Market salads and sandwiches, made to order on-the-spot and “highly customizable,” will be featured along with items such as the “Classic DIG” (charred chicken, roasted sweet potatoes, charred broccoli with lemon, brown rice with garlic aioli.) “Our market plates side usually consists of a base, two sides and a protein,” Zilanziger said. “The bases are brown rice, farro, and greens…. After choosing a base, our sides include broccoli, sweet potato, carrots, – you can then just top it off with a protein…. And, a lot people also know us for our mac and cheese. We use Jasper Hill cheese from Vermont and it’s really delicious.”

Courtesy Dig.

Fresh and warm focaccia breads – baked on site – will be available in addition to a variety of in-house vegan sauces, such as pesto, sriracha, and garlic-aioli. Desserts will include pastry selections such as flourless chocolate brownies, sticky carrot cake, and chocolate chip cookies.
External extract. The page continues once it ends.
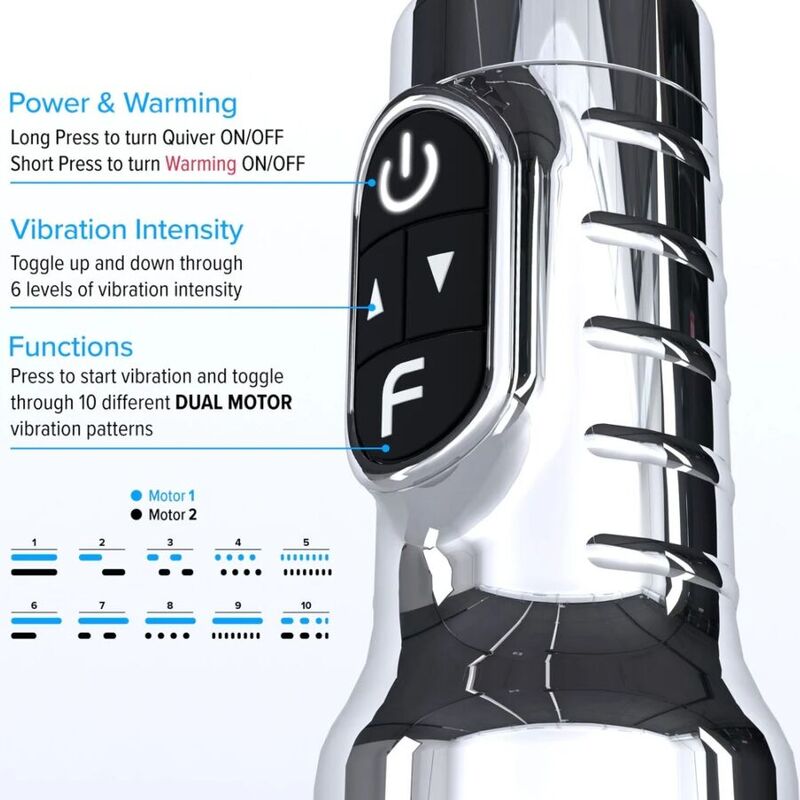 Quiver no es un vibrador cualquiera , con su experiencia de placer totalmente personalizable, diseñado para adaptarse a tu ritmo, es único. Diseñado para una experiencia potente y personalizable, este vibrador proporciona sensaciones profundas y rítmicas que tú controlas. La funda rosa presenta una textura ultrasuave, un orificio realista de estilo femenino y una sensación interna realista, todo dentro de una elegante carcasa metálica cromada que luce tan bien como funciona

Kids’ menus, i.e., “Little DIGS” will be available along with DIG Dinner Boxes, “a customizable and easy option for feeding” a family of four for just $40. 

Affordability is key for Dig. “You can get a market plate anywhere from $13-15 depending on the protein you get,” Zilenziger said. “And we pride ourselves on being affordable – food that you can get quickly and conveniently and it tastes good and you’re nourishing your body.” 

Environmentally sustainable practices such as eliminating food waste and “using whole vegetables” are also featured on Dig’s website. 

Dig was launched in 2012 in New York by Adam Eskin and its current CEO is Tracy Kim. There are now 32 privately-owned Dig locations across 6 states. 

On Sunday April 30, for the grand opening at 1301 Wisconsin Ave. NW, Dig will host a “knife-cutting ceremony” for its workers in addition to a traditional ribbon cutting. Dig prides itself on training all their food workers in kitchen knife techniques for job skills development. The first 100 customers will receive free tote bags with Spindrift seltzers, Van Leewuen’s ice cream vouchers, and raffle opportunities for free Soul Cycle Georgetown class packages. And “one lucky customer” out of the first 100 will be randomly selected to win $500 in DIG credit. The first day of proceeds from walk-in sales will also be donated to the Hoya Hub Food Pantry on Georgetown University’s campus.